It is launched with the following arguments:

wrapper.java.additional.2=-XX:MaxPermSize=256m
wrapper.java.initmemory=1498
wrapper.java.maxmemory=3000
wrapper.java.additional.19=-XX:+HeapDumpOnOutOfMemoryError

which translate to:

-Xms1498m -Xmx3000m -XX:MaxPermSize=256m -XX:+HeapDumpOnOutOfMemoryError

There are some other GC & JMX configuration parameters as well.

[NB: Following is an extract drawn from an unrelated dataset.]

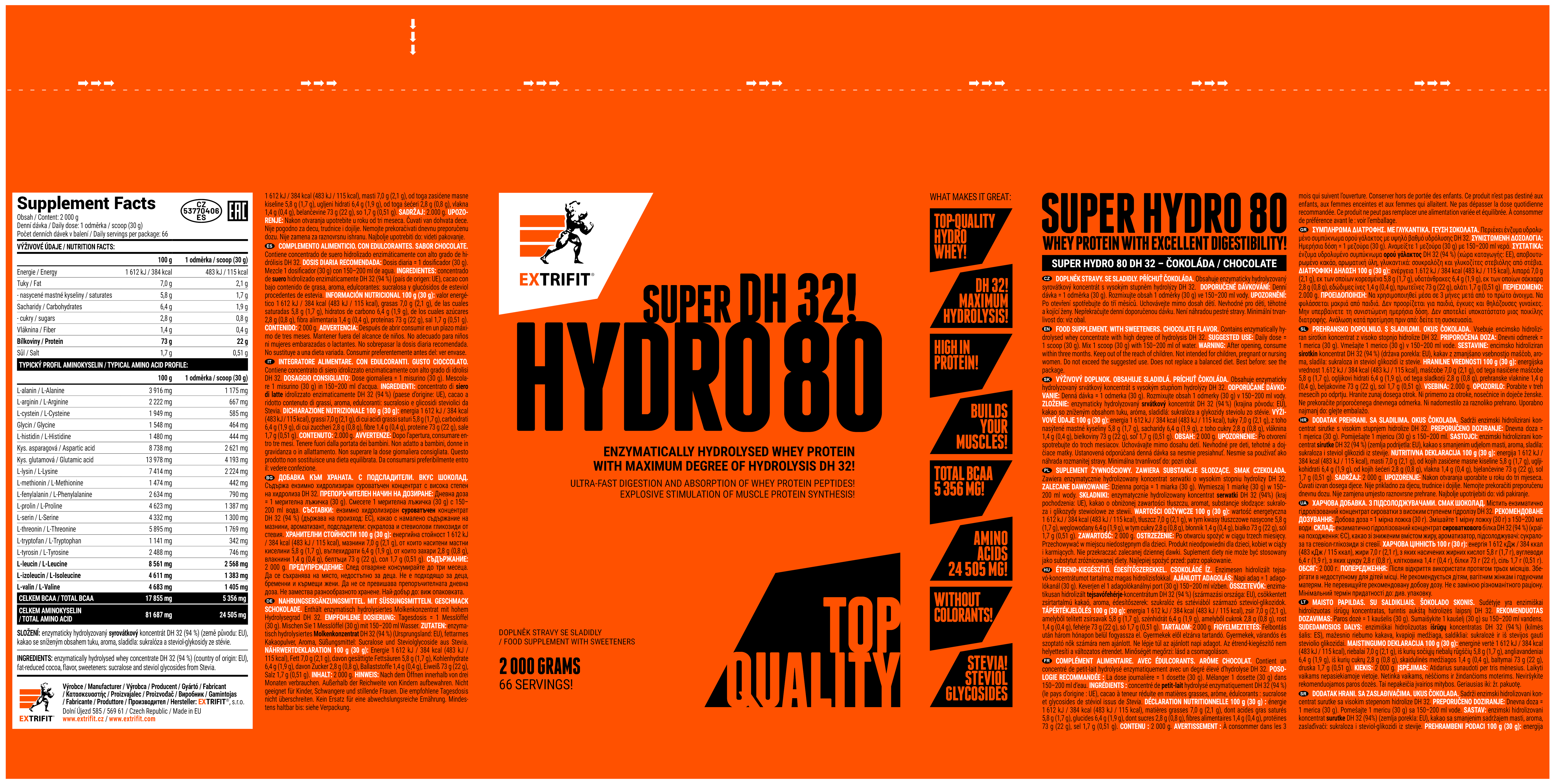 Oproti jiným proteinovým přípravkům vyniká Super Hydro 80 DH32 vysokým obsahem krátkých peptidů (průměrná molekulární hmotnost 1,6 kilodaltonů), takže jej můžete konzumovat po tréninku, popř. i před ním. Příjem toho vysoce kvalitního zdroje proteinu přispívá k růstu svalové hmoty a k jejímu udržení v situacích, kdy je ohrožena katabolizací. Výrobek dodáváme v čokoládové příchuti s typickou hořkostí syrovátkového hydrolyzátu DH32. Určeno pro zvláštní výživu - vhodné pro sportovce a pro osoby při zvýšené tělesné zátěži. Super Hydro DH32 má typickou hořkokyselou chuť, kterou není možné srovnávat s chutí jakéhokoli jiného proteinu! Upozorňujeme důrazně na tuto specifickou vlastnost produktu Super Hydro DH32, která je způsobena mimořádně vysokým stupněm hydrolyzace syrovátkového proteinu!

My issue is when I analyze a heap dump created due to an OutOfMemoryException using the Eclipse Memory Analyzer, invariably, MAT shows me heap sizes of 2.3G or 2.4G. I have already enable the option in MAT to Keep Unreachable Objects, so I don't believe that MAT is trimming the heap.

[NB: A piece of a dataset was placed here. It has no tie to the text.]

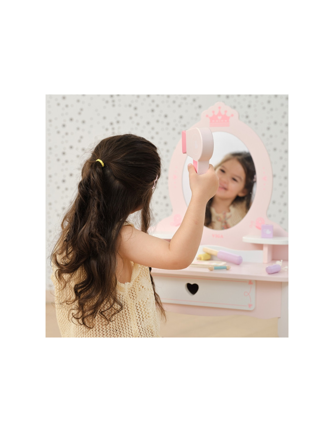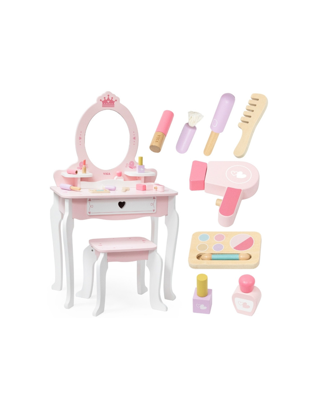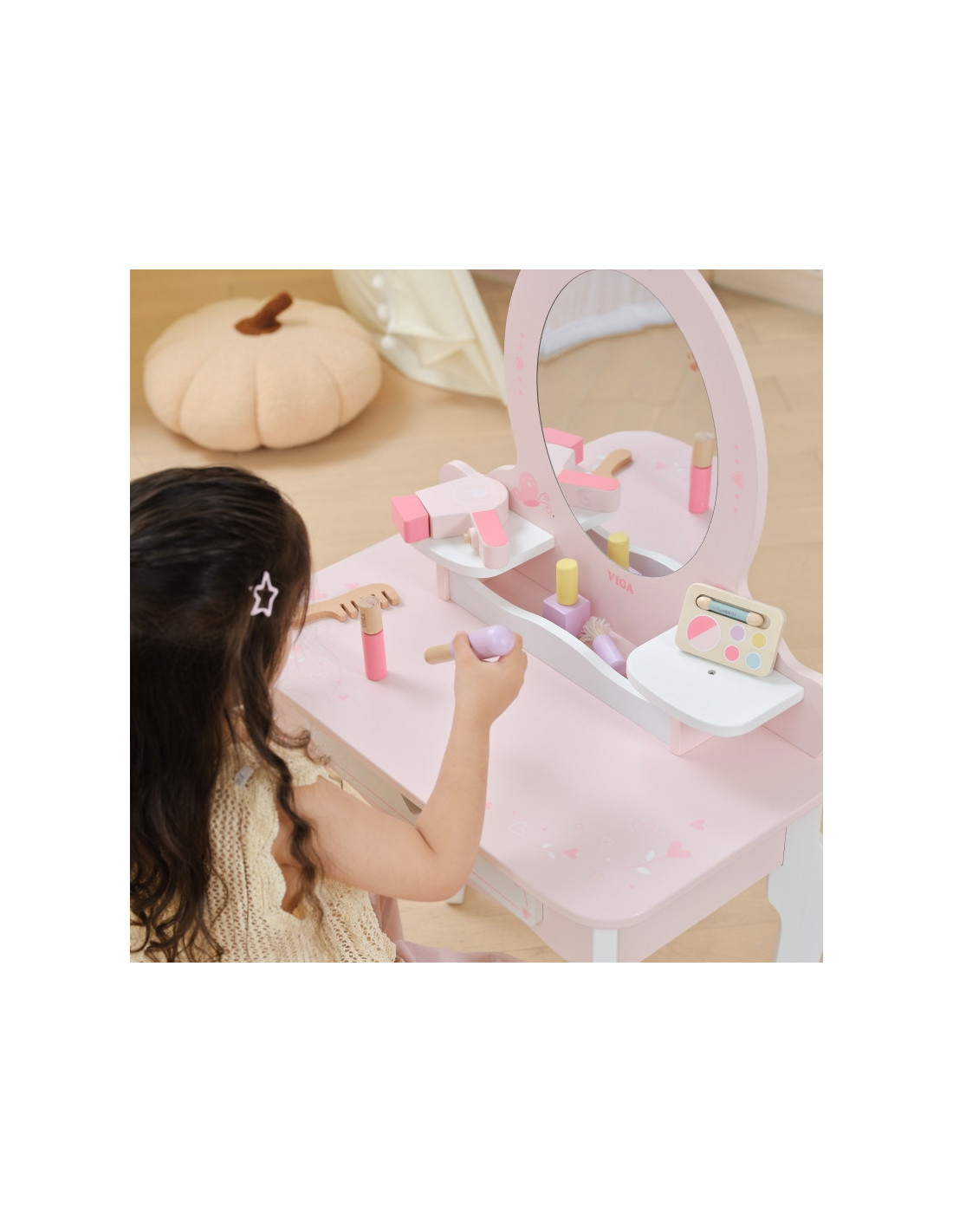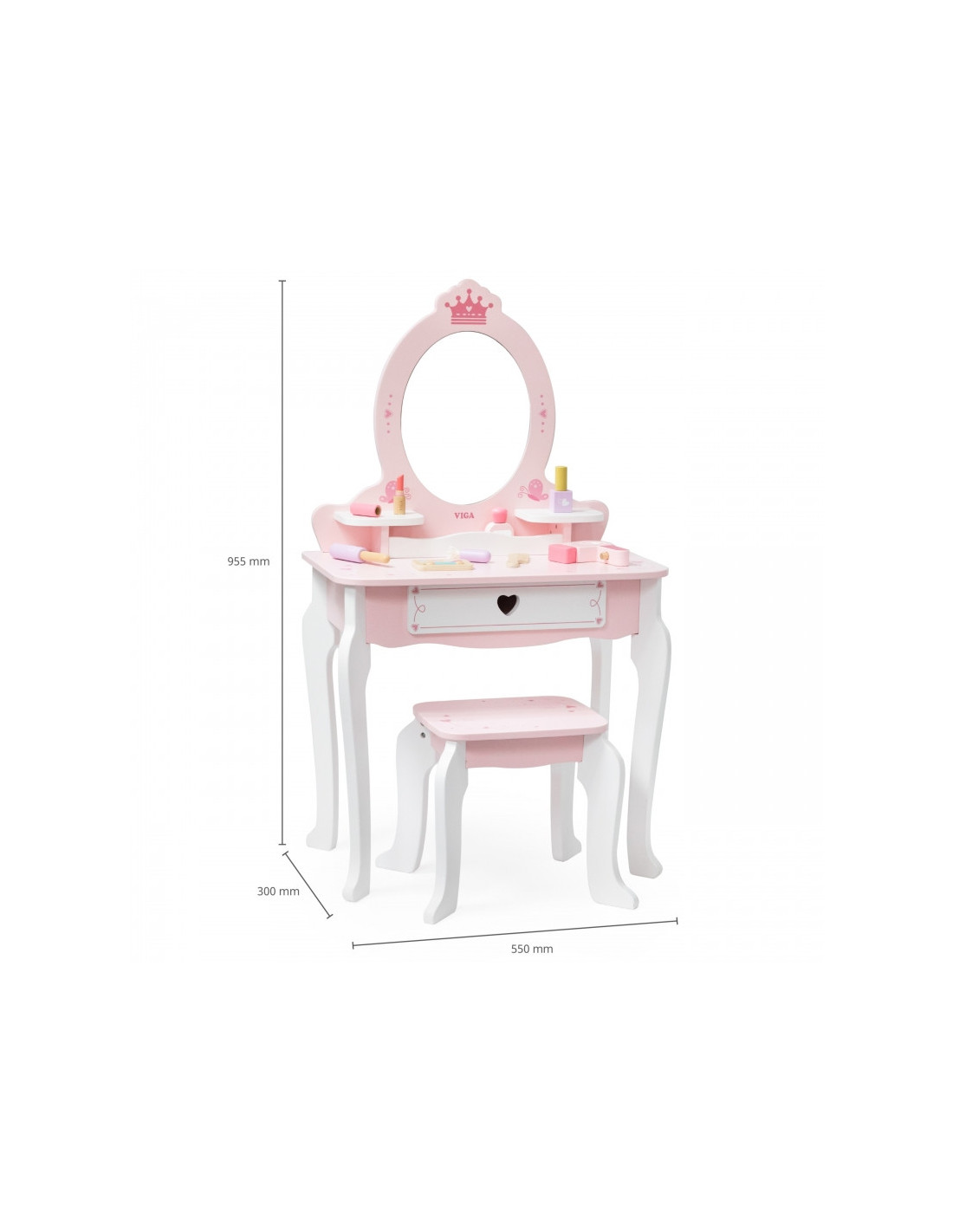 Didelis medinis tualetinis staliukas iš Viga prekės ženklo yra unikalus medinis tualetinis staliukas mažajai princesei, kuris įgyvendins kiekvienos mergaitės svajones! Pagamintas iš aukščiausios kokybės medienos, subtilių rožinių ir baltų atspalvių, šis žavingas tualetinis staliukas džiugina savo pasakišku dizainu. Stilingos, suapvalintos formos, subtilios dekoracijos ir elegantiškos kojos puikiai tinka vaiko kambariui, suteikdami jam žavesio ir magijos. Tualetinis staliukas lavina kūrybiškumą, vaizduotę ir skatina žaisti vaidmenimis. Tai taip pat puiki dovanos idėja – tvirtas apdirbimas ir estetinė išvaizda leis jai tarnauti daugelį metų.

java.lang.RuntimeException: java.lang.OutOfMemoryError: GC overhead limit exceeded

or

java.lang.OutOfMemoryError: Java heap space

Summary in MAT:

Size: 2.3 GB Classes: 21.7k Objects: 47.6m Class Loader: 5.2k

My actual heap file sizes are roughly 3300KB, so they are in line with my 3000m max heap size setting.

So where is the missing 500-600M of memory in MAT? Why does MAT only show my heap size as 2.4G?

Other posts on SO tend to indicate that it is the JVM doing some GC prior to dumping the heap, but if the missing 500M is due to a GC, why is it even throwing the OOM in the first place? If a GC could actually clear up 500M (or nearly 25% of my heap), is the JVM really out of memory?

Are there ways to tune the heap dumps so I can get a full/complete picture of the heap (including the missing 500M)?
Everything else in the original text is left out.